Negli studi di popolazione che hanno correlato le prescrizioni di chinino (in alcuni paesi, l'unico farmaco
registrato per il trattamento dei crampi idiopatici, senza cioè una causa sottostante) con la terapia in corso,
i farmaci più frequentemente associati alla comparsa di crampi sono i beta2-agonisti inalatori, i diuretici e
le statine. Per quanto riguarda i beta2-agonisti, i crampi derivano dalla attivazione dei recettori beta2 dei
muscoli scheletrici in seguito all'assorbimento sistemico del farmaco.

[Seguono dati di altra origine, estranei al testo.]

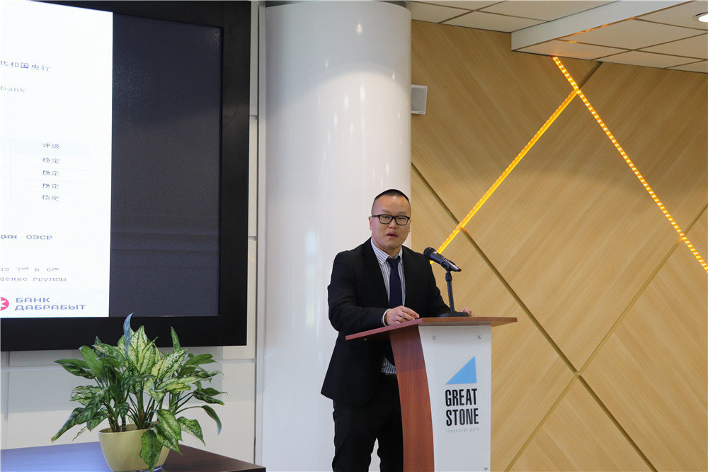 會議在園區(qū)管委會第一副主任列謝諾克的致辭中開始。會上,各銀行參會代表紛紛向居民企業(yè)介紹了各自銀行的主要金融服務(wù)、融資優(yōu)勢以及為園區(qū)居民企業(yè)所提供的專項金融業(yè)務(wù),尤其是人民幣融資等方面的服務(wù)。隨后,銀行代表們就居民企業(yè)所提的相關(guān)問題進行了詳細解答。

Si tratta di una reazione avversa che
secondo quanto indicato dai rispettivi RCP ha maggiori probabilità di presentarsi (incidenza 1%-10%) con i
composti a lunga durata d'azione formoterolo e salmeterolo sia soli (es. Foradyl e Serevent) che associati
ai corticosteroidi rispetto ai composti a breve durata d'azione come il salbutamolo (es. Ventolin). Nel caso
dei diuretici, i crampi sono stati rilevati soprattutto con i risparmiatori di potassio spironolattone (es.

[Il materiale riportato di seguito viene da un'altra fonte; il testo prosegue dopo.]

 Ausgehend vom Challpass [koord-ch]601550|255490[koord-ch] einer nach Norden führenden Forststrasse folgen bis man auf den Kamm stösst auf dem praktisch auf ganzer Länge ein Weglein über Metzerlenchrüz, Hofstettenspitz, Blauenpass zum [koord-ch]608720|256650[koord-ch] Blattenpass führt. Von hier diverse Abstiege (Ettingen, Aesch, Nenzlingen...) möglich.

Aldactone) ed eplerenone (Inspra) con una incidenza stimata inferiore all'1%. Per le statine si tratta di una
delle componenti del quadro clinico di presentazione degli eventi avversi muscolari che interessano meno
di 1 paziente su 100. La miopatia causata dalle statine si manifesta per lo più come dolore diffuso
intermittente agli arti inferiori (cosce e polpacci); tra gli altri sintomi segnalati vi sono la pesantezza, la
rigidità muscolare e appunto i crampi.
Bibliografia
1. Garrison SR et al. Nocturnal legs cramps and prescription use that precede them: a sequence symmetry analysis. Arch Intern Med 2012;
172: 120-6. 2. Butler JV et al. Nocturnal leg cramps in older people. Postgrad Med J 2002; 78:596-8. 3. Allen R E et al. Nocturnal leg
cramps. Am Fam Physician 2012; 86:350-5. 4. Miopatia indotta da statine nell'anziano-Parte II. Adverse Drug Reaction Bulletin 2009; n.

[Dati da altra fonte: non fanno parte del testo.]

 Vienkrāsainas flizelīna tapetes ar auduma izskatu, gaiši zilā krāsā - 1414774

189:757-60. 5. Symptomatic treatment of muscle cramps (an evidence-based review) Report of the Therapeutics and Technology
Assessment Subcommitte of the American Academy Neurology. Neurology 2010; 74:691-6. 6. Guida all'uso dei farmaci. Agenzia Italiana
del Farmaco, n.5 2008. 7. Riassunto delle Caratteristiche del Prodotto (RCP) delle specialità citate nell'articolo.